Tomorrow marks the beginning of Children’s Book Festival in libraries and schools across Ireland. For people like me, it’s easily the busiest time of the year for events, and this year I’m booked up for just about every school day (and a few weekend days) between now and the mid-term break.
This month, I’ll be a in few different places in Dublin, as well as Ardee and Drogheda, Skerries, Cashel, Thurles, Nenagh and Roscrea, Ballywaltrim and Bray, Castletymon, Manorhamilton, Cavan, Galway, Ashford and a few different places in Meath.
It’s a weird time, when you’re often exhausted but buzzing, and a couple of years ago, I wrote a piece to try and capture that feeling in the morning when you’re setting out, having already spent about two weeks on the road to different places.
This was a piece I originally wrote as a guest blog for the Children’s Book Ireland blog in 2011. It’s a bit dated, as I haven’t changed anything, but basically it’s an accurate depiction of the feeling mid-festival:
An early start.

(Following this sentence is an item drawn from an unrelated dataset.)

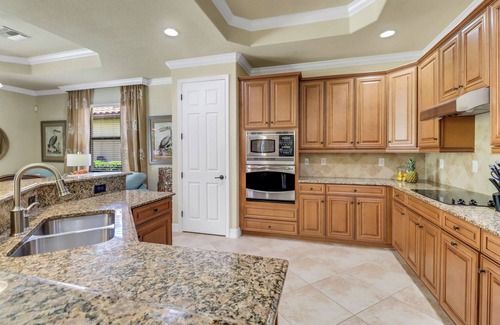 Welcome to this stunning Victoria Model home in Treviso Bay! This fully furnished vacation rental boasts an open floor concept with two charming bedrooms, two luxurious ensuite bathrooms, and an office area with a fully equipped workstation and sofa bed. The kitchen, stocked with all the essentials, overlooks stunning water views to inspire any chef.

It’s dark, but the kids are already up. Our youngest, just turned one, isn’t sleeping. So neither are my wife and I. October is mental for both of us – a different kind of day every day. Our two toddlers are confused by our lack of routine. I rise like a zombie. Shower myself into something more human.
Try to remember where I am today. Monaghan? Louth? Leitrim? For places that are further away, I’ll wake in a hotel. A travelling salesman. As our two-year-old says: ‘Dada’s going to tell the girls and boys about books!’. I’m a couple of weeks into the month (which starts for me in September). Early in the morning, the exhaustion feels like it will never lift. Coffee. The kids help me wake up, but often I’m gone before they can jump-start my addled senses.
I have my two cases. One for the novels; one for the easel, the drawing materials, the Mad Grandad story-sheets. Always packed and ready to go. Sometimes I don’t even bother taking them out of the car. Notebook in the pocket of my combats. I’m almost always wearing combats. I like having that pocket.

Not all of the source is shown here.